Hi Charles, Thank you for your reply. The libraries were prepared with a TruSeq stranded total RNA sample with a Ribo‐Zero prep kit. I understand the R1 and R2 should show a separate trend.

But for my project, both strands of the double stranded virus genome transcript viral genes. So there are mRNA from both strands nearly at the same region of the viral genome. And the R1 and R2 reads mapped to the opposite strand of the genome. So, when I analyze the RNA-seq data and want to figure out which reads is for mRNA from positive strand and which reads is for mRNA from negative strand, I found out the reads coverage for positive and negative strand is the same (because if there is a R1 for positive strand, then there is a R2 for negative strand). And this is my problem.

I suppose when do analysis, the software (Tophat or HISAT2) should convert either R1 or R2 orientation because the mate pair reads (R1 and R2) are for a single mRNA (no matter this mRNA is from positive genome or negative genome))

I hope I make myself clear and really need help!!!!!

0
Entering edit mode

Actually, if I only analyze single-end reads (either R1 or R2), then I did not see the problem. And I get reads for both positive and negative strands.

1
Entering edit mode

If you can use R1 separately and get reads on both strands, that sounds like a stranded library. For stranded RNA-Seq libraries, the read is usually on the reverse strand of the original transcript (and the conversion may be 98%, with some opposite strands).
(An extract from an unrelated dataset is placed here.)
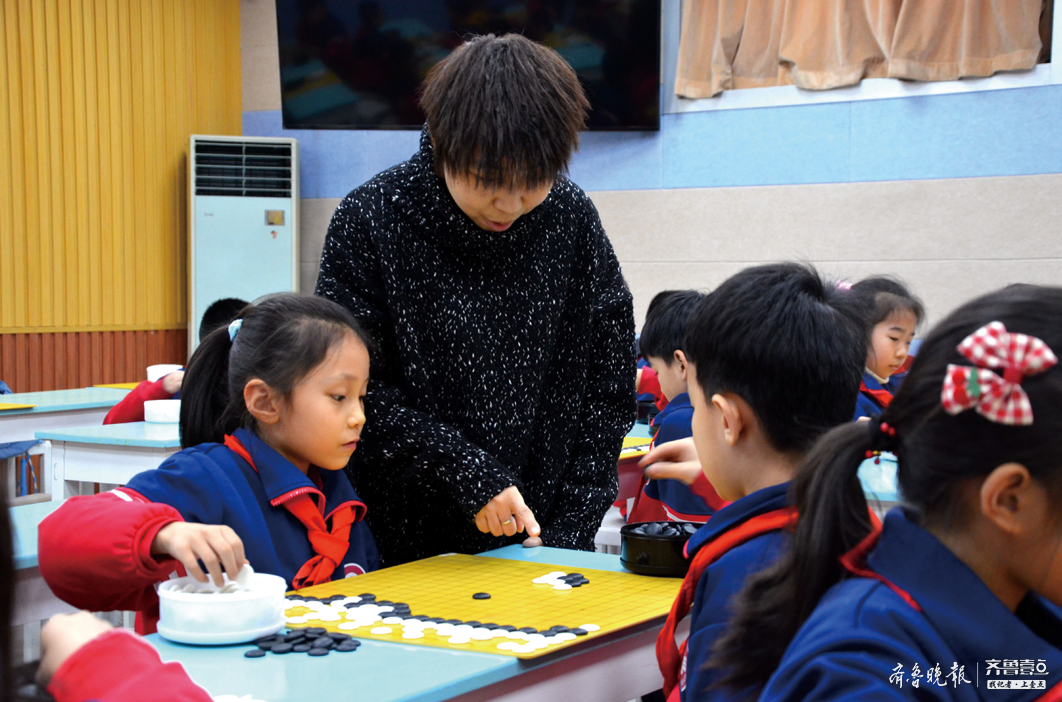 在围棋社团的活动教室内,30多名小学生两两相对而坐,思索、落子、布局,孩子们的动作有板有眼。指导教师何常红在孩子们中间认真观察,并不时对他们进行专业指导。随后,何常红针对当堂课中孩子们遇到的问题进行系统讲解。“下围棋让我养成了多思考、沉着冷静的好习惯。”学生张振浩告诉齐鲁晚报·齐鲁壹点记者,他学习下围棋已经两个多月的时间,不知不觉中已经深深喜欢上了围棋。

For TopHat and HISAT, you are supposed to know the strandedness of your samples prior to alignment.

While I unfortunately can't tell if this solves your problem, RSeQC has a way to calculate the strandedness of your protocol using infer_experiment.py (I would usually recommend this for housekeeping genes, but you could compare the results for some housekeeping host genes versus the viral genes): http://rseqc.sourceforge.net/

1
Entering edit mode

Hi, thank you all for response. Actually I agree with you. I tried Hisat using the following command to analyze my data and give me the same results as Tophat. And I still can not find the reason.

hisat2 -p 7 -S 1.sam -x ref.fa -1 R1.fq.gz -2 R2.fq.gz

0
Entering edit mode

To be honest, I still don't think I understand the problem, but I'll still see if general troubleshooting advice is helpful.

While I don't think it is precise to say "you should never use TopHat," there are situations where I would test other aligners (if nothing else, that gives you more confidence in your earlier result, or at least indicates that issue is not unique for the aligner).

If you have already tried using a joint virus+host genome, perhaps you could try indexing your reference and testing a STAR alignment? If you verify that you have the same issue with TopHat2/HISAT2 and STAR, perhaps posting in IGV screenshot can help explain the original problem?